Comment 50 for bug 1906476

Revision history for this message
Brent Spillner (spillner) wrote :

>So to be clear this patch revert fixes the issue being caused new, but, if the issue already >happened on your filesystem it will continue to occur because the exception is reporting >corruption on disk. I don't currently

I don't think that's quite correct--- like the OP I can boot an older kernel, with a pre-regression ZFS driver (ZFS 2.02), with the same filesystem(s) (and the same/newest userspace library and utility versions) on the same hardware and it works quite happily, without any error or warning messages.

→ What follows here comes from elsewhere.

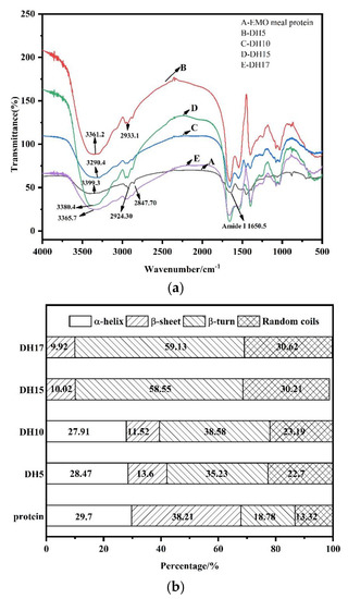 FTIR spectroscopy is a reliable method for estimating the secondary structure of protein [16]. In the present study, FTIR was used to further examine the physicochemical changes and conformational properties of protein, and the results are shown in Figure 5a. Compared to EMO meal protein, the absorption peak of hydrolysate moved gradually to a lower band with the increase of DH, indicating that the protein structure was changed after alcalase treatment. Previous studies had shown that the characteristic absorption bands at 3200–3400 cm−1 and 2800–3000 cm−1 were attributed to the stretching vibration of -OH and -CH groups, respectively [31]. All samples had absorption in these bands, and the peaks and peak widths of hydrolysate were weaker than that of protein, implying that the interaction of intramolecular hydrogen bonds in hydrolysate was weakened after enzymatic hydrolysis, which may improve the solubility of hydrolysate.

I'm not at all convinced that the error message truly indicates irreparable filesystem damage--- there may not even be anything wrong at all with the on-disk data structures, only in the driver's in-memory reconstruction or interpretation of them.

I hit this bug after allowing a 20.04 LTS installation to upgrade from a 5.11.0-7620-generic kernel to the 5.13.0-7614-generic in stable. The panics occurred on every boot attempt under 5.13.0, at the same fairly early point in the boot process (first page of kernel messages) every time. Rebooting with 5.11.0 doesn't generate any errors and has been running stably for over two weeks (as it did for months before the failed attempt to upgrade to 5.13.0). The 5.11.0 build reports ZFS module version v2.0.2-1ubuntu5, while the 5.13.0 has 2.0.3-8ubuntu6. My zfs package family is all 0.8.3-1ubuntu12.12.

It's annoying to get a regression like this in an LTS kernel, but at least reverting is easy and seems effective.